Desdemona's Napkin (1999)
Desdemona's napkin (handkerchief), which Iago leaves in Cassius' quarters to give husband Othello the "ocular proof" of her infidelity, could be considered a fifth major character in Shakespeare's Othello. If not ready for a prime time curtain call, it may well be one of the earliest examples of what Alfred Hitchcock called a MacGuffin -- which, according to
the now disgraced Wikipedia, is
a plot device that motivates the characters and advances the story, particularly one whose importance is accepted completely by the story's characters, yet from the audience's perspective it might be minimally explained or may test their suspension of disbelief if it is scrutinized.
There are many examples in literature and film. Poe's "The Purloined Letters" is an excellent case. The protagonist must recover the letter before its sensitive contents are revealed, but the readers never learn what the letter said. Films and television are ripe with MacGuffins, ranging from the statuette in the Maltese Falcon to the neighbor's obscured face on Home Improvement. My favorite is the mysterious glowing car trunk in Repo Man. Slavoj Zizek, a philosophy professor and Hitchcock fan, compared the Iraqi weapons of mass destruction to a MacGuffin.
But Othello has other plot device problems. Staging this
Othello and Desdemona (1829) by Alexandre-Marie Colin
in pre-civil rights Mississippi could have resulted in a lynching with convincing verisimilitude. Even the French, so hip to luscious Bardot and the comedic genius of Jerry Lewis, held their noses for quite some time to the vulgarities of Othello. From a review in the Sunday Times on Shakespeare Goes to Paris by John Pemble:
The French were so appalled by the vulgarity of Shakespeare’s plays that it took them 300 years to come near to an accurate translation. The item of Desdemona’s on which the plot of Othello hinges could not be mentioned on stage because mouchoir was too coarse a word to be uttered -- or heard -- in the Comédie Française. It was not until 1829 that Alfred de Vigny first risked the M-word, but that still left the question of the strawberries with which it was decorated, and fraise was considered an even lower word. The handkerchief was thus referred to as being decorated with “flowers” until well into the 20th century.
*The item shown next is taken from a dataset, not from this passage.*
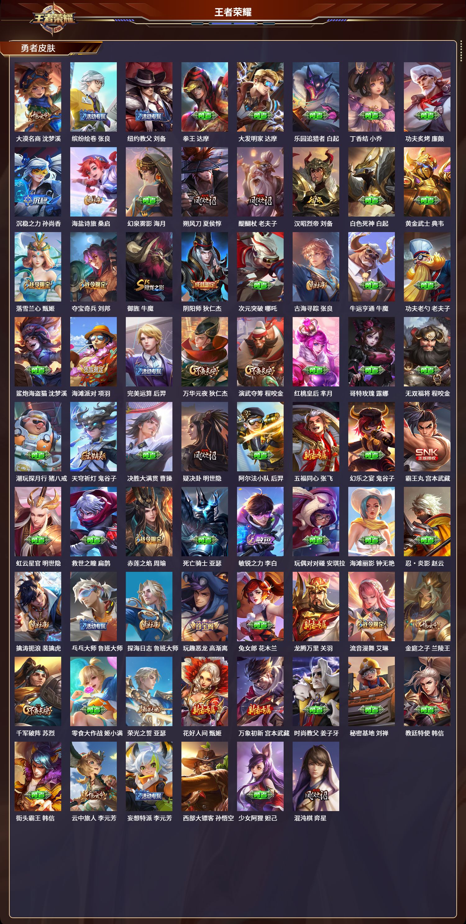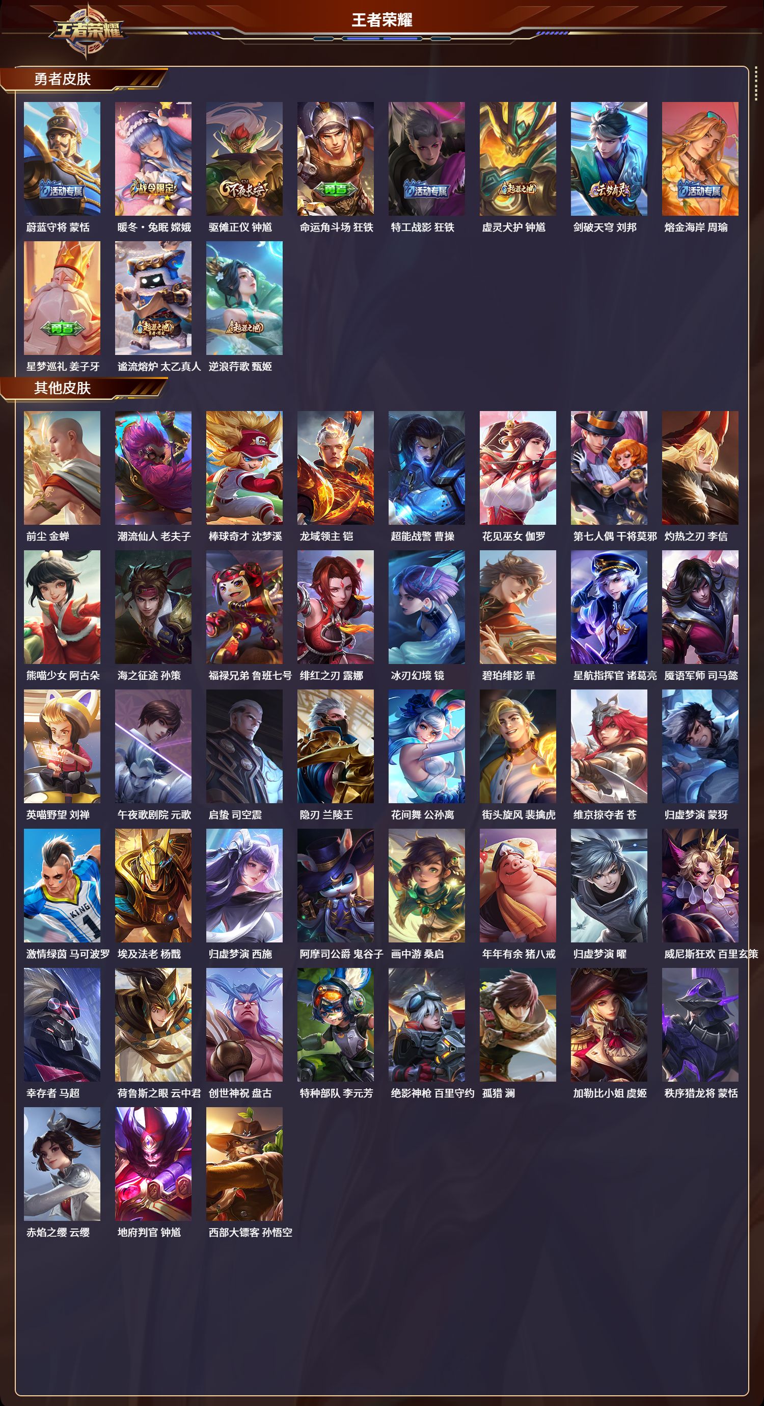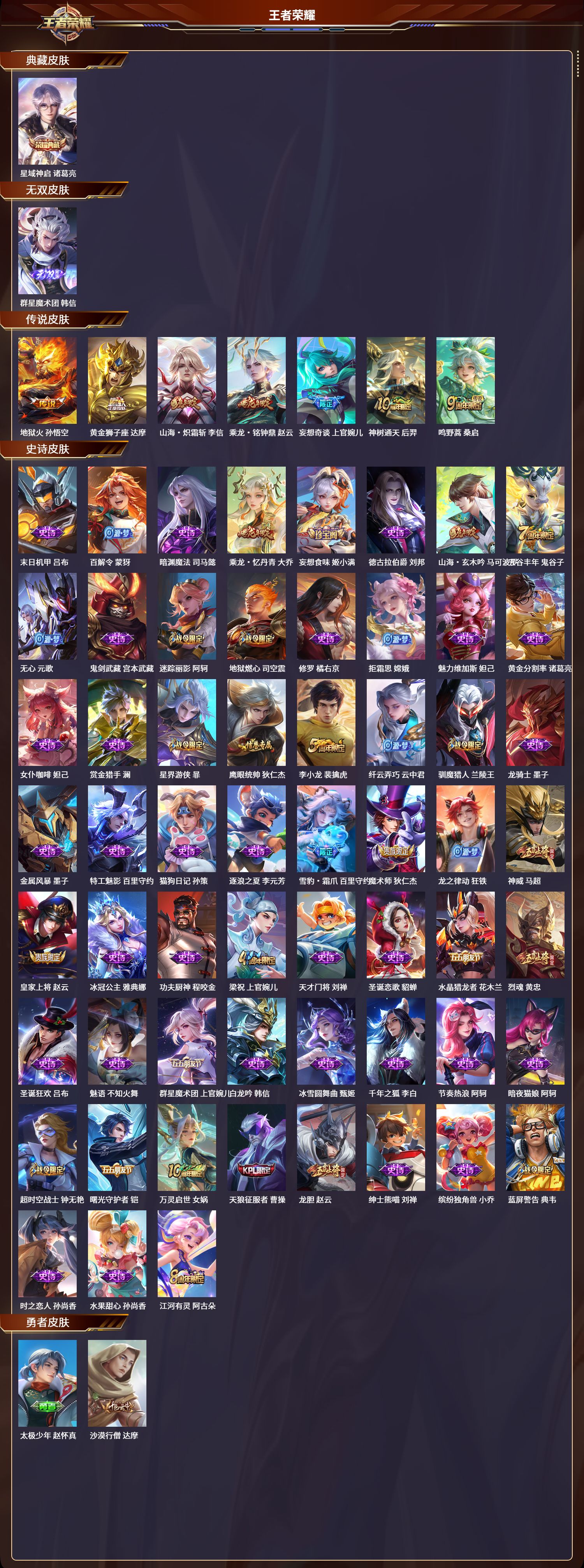 安卓qq/非凡王者/193皮肤/125英雄/1典藏/0珍品无双/1无双/0珍品传说/7传说/59史诗/9稀有英雄【1 典藏皮肤】星域神启 诸葛亮【1 无双皮肤】群星魔术团 韩信【7 传说皮肤】地狱火 孙悟空黄金狮子座 达摩山海·炽霜斩 李信乘龙·铭钟鼎 赵云妄想奇谈 上官婉儿神树通天 后羿鸣野蒿 桑启【59 史诗皮肤】末日机甲 吕布百解令 蒙犽暗渊魔法 司马懿乘龙·忆丹青

Hmmm. Handkerchiefs and strawberries dare not be mentioned -- but Iago's lying and treachery get a theatrical pass. I smell a farce somewhere.
Or, better yet, from renegadecomedy.org, a remake:
Pulitzer Prize-winning playwright Paula Vogel examines the classic Shakespeare play Othello from a different point of view in her comic play Desdemona, a Play about a Handkerchief, the fall production at Renegade Comedy Theatre.The cast from Desdemona, a Play about a HandkerchiefAs the wrongly accused and suffering wife of Shakespeare's tragic Moor, Othello, Desdemona has long been viewed as the “victim of circumstance." But as Paula Vogel demonstrates in this comic deconstruction of Shakespeare's play -- aligning tongue-in-cheek humor while raising serious questions as to the role of women through the ages -- Desdemona was far from the quivering, naive waif we've all come to know. Having slept with Othello¹s entire encampment, Desdemona revels in bawdy tales of conquest. Her foils and rapt listeners are the other integral and re-imagined women of this Shakespearean tragedy: Emilia, Desdemona's servant and wife of Iago, and Bianca, now a majestic “working girl” of Cyprus.
I dig this Last Exit to Brooklyn twist. It sounds like Desdemona better buy her napkins in bulk. Who's your daddy now? as Mrs. Smith/Jolie likes to ask.
And Iago, once the greatest scheming villain of literature, is broken like the Huns in the Capitol One commercials. His days of mental pillaging are over. With yellow smileys littering the background, he's now a greeter at Wal-Mart.